Broadcast variables are useful for when you have a large dataset that you want to use across all the worker nodes. Instead of having to send out the entire dataset, only the variable is sent out.

Step 17. In the same shell from the last section, create a broadcast variable. Type in

val broadcastVar = sc.broadcast(Array(1,2,3)) 

Step 18. To get the value, type in:

broadcastVar.value 

Accumulators are variables that can only be added through an associative operation. It is used to implement counters and sum efficiently in parallel. Spark natively supports numeric type accumulators and standard mutable collections. Programmers can extend these for new types. Only the driver can read the values of the accumulators. The workers can only invoke it to increment the value.

Step 19. Create the accumulator variable. Type in:

val accum = sc.accumulator(0)

Step 20. Next parallelize an array of four integers and run it through a loop to add each integer value to the accumulator variable. Type in:

sc.parallelize(Array(1,2,3,4)).foreach(x => accum += x)

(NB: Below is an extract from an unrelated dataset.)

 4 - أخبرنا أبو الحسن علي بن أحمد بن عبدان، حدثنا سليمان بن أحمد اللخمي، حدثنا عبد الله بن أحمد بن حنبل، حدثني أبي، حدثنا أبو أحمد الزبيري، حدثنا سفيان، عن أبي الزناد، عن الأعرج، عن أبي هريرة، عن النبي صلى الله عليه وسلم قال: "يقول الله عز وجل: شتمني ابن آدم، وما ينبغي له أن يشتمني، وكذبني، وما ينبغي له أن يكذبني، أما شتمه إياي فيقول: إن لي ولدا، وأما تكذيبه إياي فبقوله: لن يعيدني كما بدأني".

Step 21. To get the current value of the accumulator variable, type in:

accum.value 

You should get a value of 10.

This command can only be invoked on the driver side. The worker nodes can only increment the accumulator.

1.2.4 Key-value pairs

You have already seen a bit about key-value pairs in the Joining RDD section. Here is a brief example of how to create a key-value pair and access its values. Remember that certain operations such as map and reduce only works on key-value pairs.

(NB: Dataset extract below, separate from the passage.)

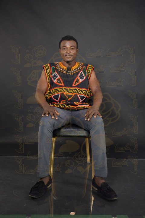 Portrait Jeune homme africain teint claire tenue Afrique pantalon noir tennis blanche

Step 22. Create a key-value pair of two characters. Type in:

val pair = ('a', 'b')

Step 23. To access the value of the first index, type in:

pair._1

Step 24. To access the value of the second index, type in:

pair._2

Step 25. Quit the Scala shell by typing in

CTRL + D

Summary

Having completed this exercise, you should now be able perform various RDD operations, view the DAG of an RDD and also perform join operations to combine two datasets into one. You should be able to user shared variables such as broadcast and accumulators. Finally, you saw how to use Spark and Scala to determine the top ten taxis based on the numbers of trips from a sample dataset.